Alem de tudo isso, de toda a novidade e esse olhar sensível que “The Tree Of Life” nos empresta sobre a vida dessa família, o filme ainda conta com uma direção primorosa do diretor Terrence Malick (direção e roteiro), que faz questão de experimentar sempre, com muitas cenas com a camêra filmando de baixo para cima e que nos presenteia com aqueles takes sensacionais das sombras dos meninos refletindo no chão enquanto eles brincam na rua, ou a silhueta da mãe marcada atrás do lençol pendurado no varal. Closes por ângulos espetaculares de coisas ou situações das mais simples possíveis, para deixar qualquer pessoa que gosta de detalhes completamente enlouquecida e totalmente inspirada com tantas possibilidades novas.

“The Tree Of Life” além de tudo deve ser um daqueles filmes que vai marcar a história do cinema e que certamente vai servir de referência para o futuro. Eu por exemplo já me sinto transformado depois de assisti-lo, como se eu realmente estivesse vendo algo novo, o que eu considero uma experiência deliciosa, ainda mais depois de tanto tempo vendo mais do mesmo. Confesso que eu fiquei profundamente tocado com tudo no filme, desde a trilha, a história e à forma como ela é contada e tudo vai se encaixando perfeitamente, com um primoroso trabalho de edição que não deve ter sido nada fácil e merece todo o seu reconhecimento (Clap Clap Clap), como também o trabalho da direção de arte, que foi tão delicado, simples e rico ao mesmo tempo. Assim como a nova proposta de linguagem cinematográfica  e esse banho de imagens que me deixaram quase sem ar de tão impressinando e emocionado que eu acabei ficando em diversos momentos ao longo do filme. Mais uma vez, em caixa alta e bold: CLAP CLAP CLAP!

Eu poderia dizer que a minha experiência ao assistir ao filme foi quase a de um transe, como se eu tivesse mergulhado dentro das minhas próprias memórias ao mesmo tempo em que era bombardeado com todas aquelas sequências de imagens simples e maravileeeandras que eu talvez não me esqueça nunca, além de me emocionar uma história extremamente sensível.

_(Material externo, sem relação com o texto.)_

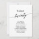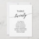 These elegant black table number 20 seating chart cards are perfect for a simple wedding. The neutral design features a minimalist card decorated with romantic and whimsical typography. The card prints on the front and back (double-sided).

O final é quase poético, mas consegue manter a dignidade de toda essa sensibilidade ao extremo do filme, e fecha muito bem o ciclo de todos os personagens, mesmo que esse caminho tenha sido uma finalização um pouco mais simples do que se esperava vindo de uma obra bem inovadora como essa.

O tipo de filme que tem que ver, comprar o DVD Duplo e separar um espaço especial na prateleira, ao lado dos filmes da sua vida.